Dice the mangoes thusly: cut them in half vertically, working around the large pit in the center. Make diamond cuts with a knife through the flesh but NOT the peel, then scoop out the diced mango with a spoon. Put in a glass or other non-reactive bowl.

Peel the peaches (I used a little paring knife and it was a total pain in the ass, but worth it) and cut them into a dice the same size as the mangoes (again, working around the pit). Chuck them in the bowl as well.

Add the lime juice and toss with a non-reactive (plastic, wood, whatever) spoon.

Add the diced onion and chopped cilantro and toss. At this point, if you're cooking for wimpy types who don't like the heat from the peppers, you can set a bit of salsa aside.
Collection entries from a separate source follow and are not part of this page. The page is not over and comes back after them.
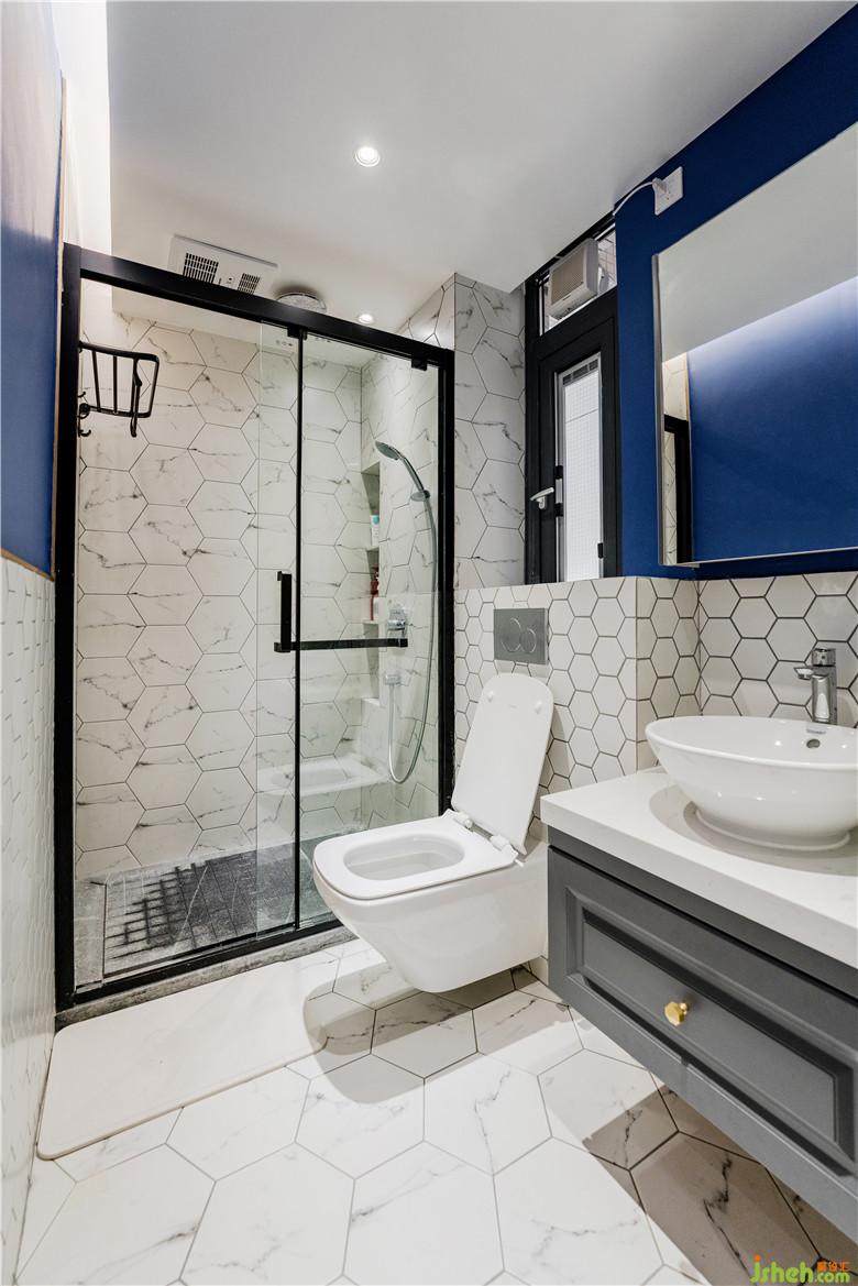 衛(wèi)生間異?;钴S有木有!區(qū)別以往的衛(wèi)生間,Johnny哥用大色塊藍(lán)色調(diào)去提亮衛(wèi)生間,腰線以上是藍(lán)色腰線一下式六角磚鋪貼,莫名的復(fù)古feel。入墻式排水的馬桶上方還可以放置小物件呢!雖說整個衛(wèi)生間空間都是六角磚,但是干濕分區(qū)用的是兩種尺寸規(guī)格的六角磚,無形中就區(qū)分開來了。
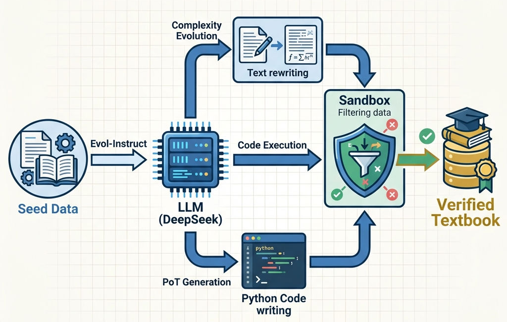 场景:提升小模型(SLM)的逻辑推理与数学解题能力。 核心技术:Evol-Instruct 进化策略、PoT (Program of Thought) 数据格式化、Python 代码执行沙箱 (Sandbox)。 输出:一本经过代码执行验证的、无幻觉的高质量合成推理习题集。
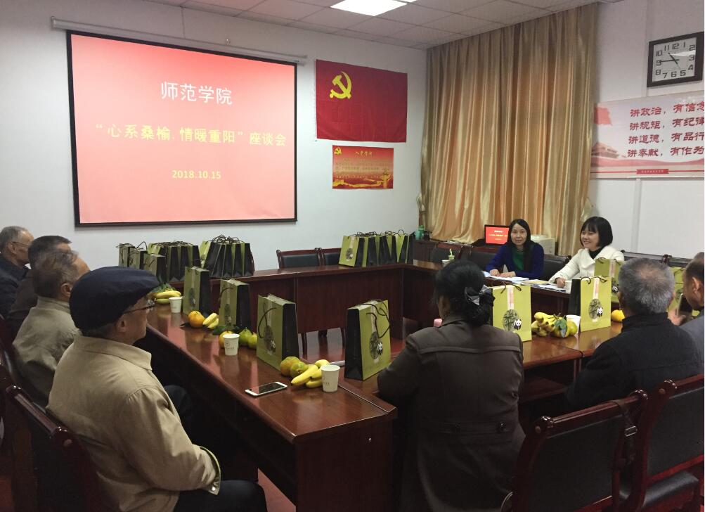 【本网讯】10月16日,师范学院在育才路校区行政楼B210会议室举行了2018年师范学院退休职工庆重阳活动。师范学院院长孙舫南、副院长陆小路与及退休教职工12人参加了活动。
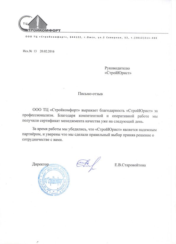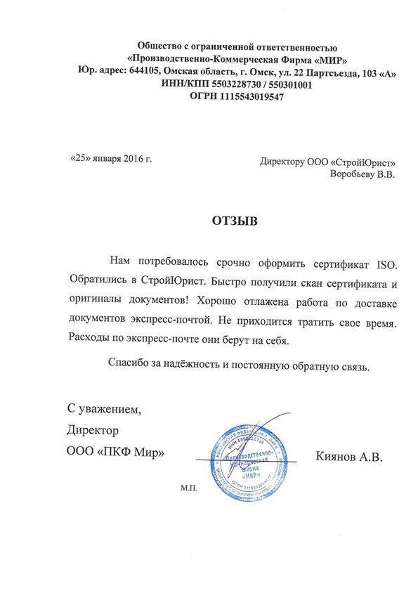 Отзывы клиентов "СтройЮрист" по ISO в Ханты-Мансийске

OTHERWISE, stir in the minced serrano and serve. It gets hotter as it sits and will keep for a few days in the fridge. Also great with any sort of grilled fish, chicken or pork, or just scooped up with tortilla chips.

Wednesday, June 06, 2007

More grilled pig

Tonight's Menu

  • spiced grilled pork tenderloin
  • grilled peaches
  • green salad
Yep. Still grilling. Get used to it.

Tonight's pork was a variation on a Weight Watchers recipe, if you can believe it. Mix together chili powder, sugar, salt, pepper, garlic powder, onion powder, cumin and some cayenne, then dredge a pork tenderloin in it, seal it in a plastic zipper bag and let it hang out in the refrigerator for at least an hour. Preheat a gas grill to high, oil the grates and grill the pork for about 20 minutes, turning every five minutes or so. Let rest for 5-10 minutes, then slice thin. Way yummy and very low fat!
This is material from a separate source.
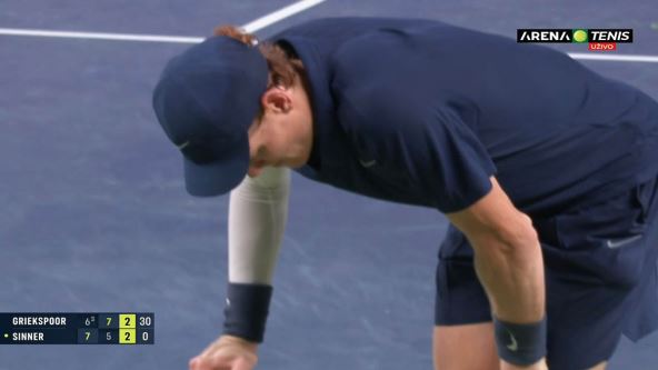 Janik Siner predao je meč na turniru u Šangaju zbog povrede kolena. Italijan se uhvatio za koleno u trećem setu i imao je veoma bolnu grimasu na licu. Pokušavao je na sve načine da ostane u meču, tražio je pomoć lekara, hteo da nastavi, ali nije bilo moguće. Talon Grikspor je prošao dalje.
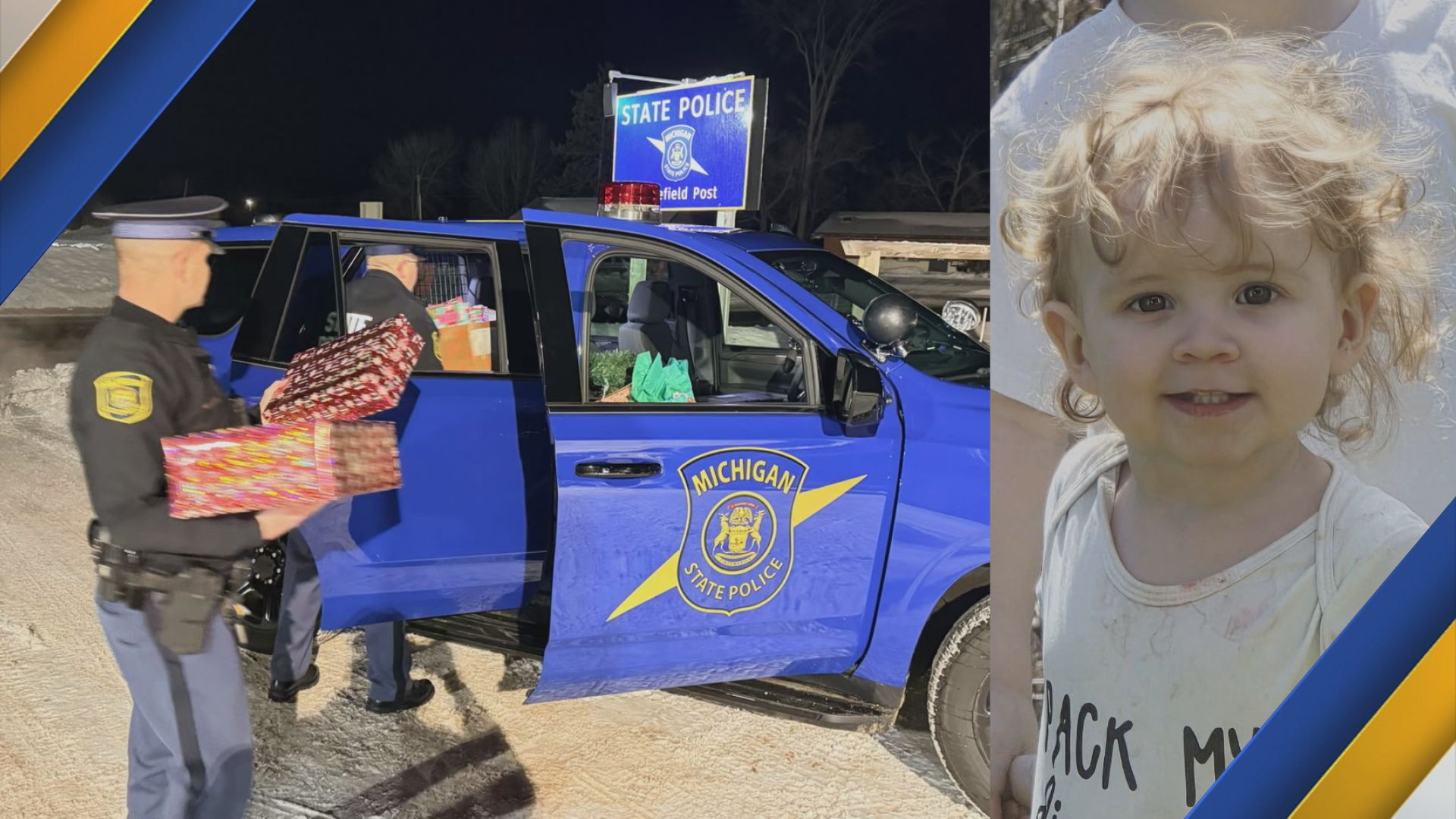 UPPER PENINSULA, Mich. (WZMQ) – Instead of Santa and his sleigh, Michigan State Police (MSP) troopers aboard their “Blue Goose” patrol car brought Christmas cheer to a young girl fighting cancer far from home.

The peaches were from my mom and dad. They have two trees in their yard that have only just this year really started to produce. Mom brought over two HUGE bags of peaches for us today; I suspect a cobbler is in our near future. But for tonight, I cut a couple of them in half, removed the pits, and grilled them cut-side down alongside the pork. I briefly entertained the thought of chopping them up and drizzling them with honey and chopped mint, but in the end I took the lazy way out and served them as-is.

Monday, June 04, 2007

Cold supper

Tonight's Menu

  • cold boiled shrimp
  • marinated salad of red potatoes, mozzarella, tomatoes and artichoke hearts with basil
  • fresh green salad
It's HOT, y'all.

The shrimp were boiled in the shell w/spices, put on ice to chill, then we peeled 'em and ate 'em at the table.

The potato salad is my usual favorite.

I had ONE homegrown cherry tomato in my green salad -- the first one to come ripe from the tomato plants in my garden. There are a TON of green tomatoes out there right now and I am giddy with anticipation!

Sunday, June 03, 2007

Flat iron steaks

Tonight's Menu

  • grilled flat iron steaks
  • homemade oven fries
  • steamed corn on the cob
This was my first experience with flat iron steaks but it won't be my last. Damn, that's some good cow, y'all! Very lean and beefy and tender. I brushed them with EVOO (because they're so lean), sprinkled them with salt and cracked pepper, and grilled them 4 minutes per side on a hot grill. Which was a bit too long and/or hot because they came out medium instead of medium rare, so next time I'll adjust that a bit. They were still extremely tender and flavorful, though, and the outside got nice and caramelized. I'd heard you had to marinate flat irons to get them tender, but that definitely wasn't the case with these babies!